It was a weak excuse, except she could barely face herself these days, much less old, badgering, well-meaning friends.

He slid his hand over hers, where it sat picking restlessly at the bubbles in the painted metal. She looked up, shocked.

"I've really got to get going," she said, panicking suddenly. Katie threw some money from her pocket onto the table, grabbed Gwynog's leash and took off down the street. She was in better shape than she'd been in years, and she took advantage of it, weaving quickly through the throngs of people.

She was out of breath when she stumbled up the stairs and opened the door to her flat. Once they were inside, the door securely locked at her back, Gwynog looked at her with her head cocked, tongue lolling out of her mouth. Then she shook her head and padded into the kitchen. A few seconds later Katie heard the slurping sounds of Gwynog enjoying an after-run, thirst quenching bowl of water, something Katie could do with herself, only in a glass.

Katie had just toed off her shoes and was hanging Gwynog's leash on its doggy shaped hook when someone buzzed her flat. She'd gotten used to her neighbour ringing to be let in, having forgotten her keys, so used to it that she didn't even think twice before she'd pressed the unlock button.
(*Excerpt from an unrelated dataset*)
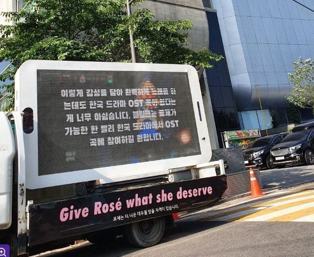 로제의 팬들은 "과거 약속했던 로제의 솔로 앨범 발매 약속이 지켜지지 않았다"라며 로제를 위하여 개인 촬영, 예능 게스트 출연, OST 작업 등 다양한 활동을 할 수 있게 지원해 달라고줄것을 요구하였다. 트럭의 문구에는 "이렇게 감성을 담아 완벽하게 노래하는데도 드라마 OST 한 곡 없다는 게 너무 아쉽습니다. 로제가 드라마 OST 곡에 참여하길 원합니다."라고 적혀있었다.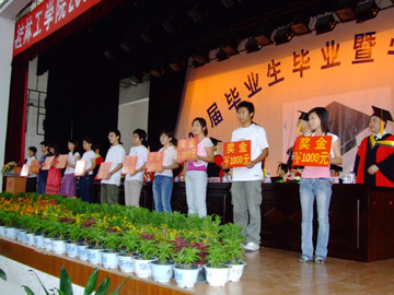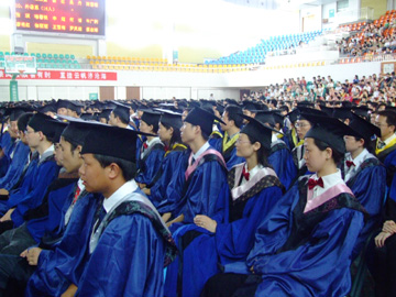 6月26日上午,学院2006届毕业生毕业暨学位授予典礼在体育馆三楼隆重举行。学院学位委员会成员、学生工作干部以及院本部全体毕业生2000余人参加了典礼。在主席台就座的院学位委员会成员有:学院党委书记阳国亮,院长赵艳林,党委副书记唐善茂、张学洪,副院长周德俭、阮百尧、肖明贵,研究生处处长刘康怀,科技产业处处长邹正光,资环系主任解庆林,土木系主任陈学军,电计系主任牛秦州,管理学院院长周永生,旅游学院院长程道品,艺术系主任常新航,人文社科系党总支书记梁军,成人教育学院院长吴郭泉,应用技术学院院长陈先华。 大会由张学洪副书记主持,阳国亮书记发表了热情洋溢的讲话。他首先代表学院党委和行政向我院2006届3000多名毕业生表示衷心的祝贺,同时向为他们的成长付出辛勤汗水的教职工表示崇高的敬意。在回顾了毕业生们在校学习期间所取得的成绩以及为母校建设和发展所做出的积极贡献后,他向毕业生们提出了三点要求:一要扎根基层,勤奋工作,报效祖国,服务社会;二要团结协作,诚实守信,抓住机遇,奋发进取;三要勤奋学习,知行合一,大胆实践,开拓创新。他说,走过50年风雨历程的桂工正在为创建高水平的教学型大学而努力奋斗,学院 “两申”目标的实现固然要靠在校师生员工的艰苦奋斗,同时也离不开社会各界特别是校友们的关心、支持和帮助,希望毕业生们以后要一如既往地关注母校的发展,多为母校出谋划策,多为母校与社会的联系牵线搭桥,在前进的道路上,相互支持、共同发展。最后,阳书记代表学院全体师生员工衷心祝愿毕业生们在新的征途上,事业有成、宏图大展、前程似锦! 阳书记讲话后,教师代表程小辉、在校生代表王卡、毕业生代表谷丽敏先后发言。 在唐善茂副书记宣读自治区和学院关于表彰2006年度优秀大学毕业生的决定,周德俭副院长宣读我院广西自治区选调生、志愿服务西部计划和西藏就业毕业生名单后,学院领导为他们颁了奖。 大会的最后一项议程:学位授予仪式,在阮百尧副院长宣读2006届毕业生毕业资格和学位资格审查报告后举行。我院2006届已完成全部学业获得毕业资格的毕业生有3183人,其中硕士研究生92名,本科生1923名,高职高专生1168名。他们当中有92人获得硕士学位,1877人获得学士学位;有8名被上海同济大学等录取为博士研究生,有146名被武汉大、同济大学、浙江大学等院校或研究单位录取为硕士研究生,有62名高职高专生获得专升本资格。 毕业典礼后,学院领导与毕业研究生以及优秀毕业生们合影留念。

She walked into her living room, and found the remote on the couch. The music that soothed the rough edges from a bad day flowed through the speakers.

The knocking at her door took her aback. Softly, she made her way back to the door and peaked out the peephole. Flint.

She opened the door a crack, "How did you know where I live?"

He dangled her bag in front of him, "It wasn't hard when I had your address. Here," he said, and held the bag towards her.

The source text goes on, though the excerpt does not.